INSTRUCTIONS TO FOLLOW >>
Beginning with the line that has "Tanto para los" and ending with the line that has "- LEGO® minifigure", retype the entries below exactly, except for the pictures.

MATERIAL SHOWN >>
○ ○ ○

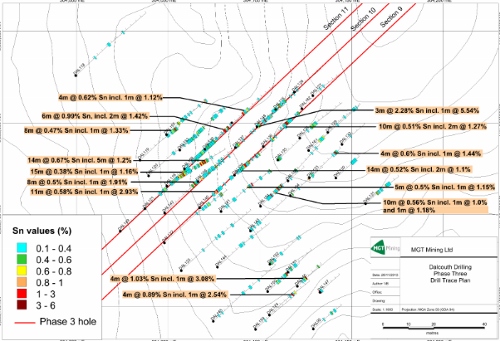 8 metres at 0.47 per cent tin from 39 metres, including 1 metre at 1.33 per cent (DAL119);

○ ○ ○

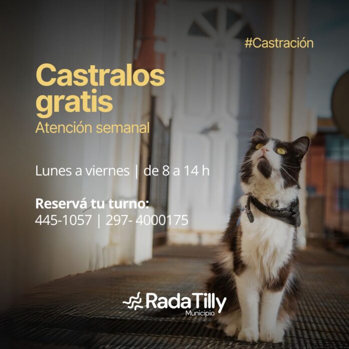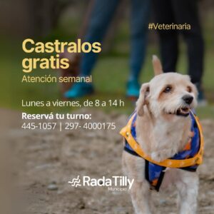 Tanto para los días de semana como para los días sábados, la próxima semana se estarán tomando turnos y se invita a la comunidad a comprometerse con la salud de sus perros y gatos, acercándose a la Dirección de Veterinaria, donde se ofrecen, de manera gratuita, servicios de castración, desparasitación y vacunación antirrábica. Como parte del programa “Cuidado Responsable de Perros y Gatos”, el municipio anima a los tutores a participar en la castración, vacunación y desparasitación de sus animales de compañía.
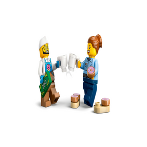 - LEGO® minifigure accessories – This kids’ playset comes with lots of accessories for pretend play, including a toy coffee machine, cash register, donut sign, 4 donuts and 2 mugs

○ ○ ○

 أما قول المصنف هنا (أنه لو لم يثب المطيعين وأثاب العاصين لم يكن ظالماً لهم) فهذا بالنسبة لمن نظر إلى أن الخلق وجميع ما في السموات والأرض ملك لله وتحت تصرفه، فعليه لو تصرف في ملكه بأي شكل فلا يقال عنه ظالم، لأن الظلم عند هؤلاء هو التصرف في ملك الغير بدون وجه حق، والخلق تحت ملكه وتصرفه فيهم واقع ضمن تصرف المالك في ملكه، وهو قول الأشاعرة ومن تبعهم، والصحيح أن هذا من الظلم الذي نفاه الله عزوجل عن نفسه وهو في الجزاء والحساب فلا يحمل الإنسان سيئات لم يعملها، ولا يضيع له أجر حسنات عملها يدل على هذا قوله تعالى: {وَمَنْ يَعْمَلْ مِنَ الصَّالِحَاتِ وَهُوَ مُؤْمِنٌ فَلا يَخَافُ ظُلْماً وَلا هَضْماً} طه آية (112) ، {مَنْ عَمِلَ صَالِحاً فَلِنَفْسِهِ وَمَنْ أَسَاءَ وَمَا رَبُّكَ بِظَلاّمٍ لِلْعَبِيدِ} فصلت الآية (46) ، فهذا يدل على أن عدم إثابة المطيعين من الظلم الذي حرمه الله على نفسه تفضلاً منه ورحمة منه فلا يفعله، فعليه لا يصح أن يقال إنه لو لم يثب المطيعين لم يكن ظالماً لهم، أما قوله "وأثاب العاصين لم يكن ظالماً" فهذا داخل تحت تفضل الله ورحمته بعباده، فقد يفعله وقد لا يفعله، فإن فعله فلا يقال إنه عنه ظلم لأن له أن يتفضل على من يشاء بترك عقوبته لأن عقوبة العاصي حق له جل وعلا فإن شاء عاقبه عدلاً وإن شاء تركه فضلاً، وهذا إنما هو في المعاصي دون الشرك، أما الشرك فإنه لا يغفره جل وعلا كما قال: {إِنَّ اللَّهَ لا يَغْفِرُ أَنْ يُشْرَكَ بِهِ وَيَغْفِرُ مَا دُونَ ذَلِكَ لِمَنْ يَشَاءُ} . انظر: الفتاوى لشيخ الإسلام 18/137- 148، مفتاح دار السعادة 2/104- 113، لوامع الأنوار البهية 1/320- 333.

○ ○ ○

ANSWER BELOW >>
 Tanto para los días de semana como para los días sábados, la próxima semana se estarán tomando turnos y se invita a la comunidad a comprometerse con la salud de sus perros y gatos, acercándose a la Dirección de Veterinaria, donde se ofrecen, de manera gratuita, servicios de castración, desparasitación y vacunación antirrábica. Como parte del programa “Cuidado Responsable de Perros y Gatos”, el municipio anima a los tutores a participar en la castración, vacunación y desparasitación de sus animales de compañía.
 - LEGO® minifigure accessories – This kids’ playset comes with lots of accessories for pretend play, including a toy coffee machine, cash register, donut sign, 4 donuts and 2 mugs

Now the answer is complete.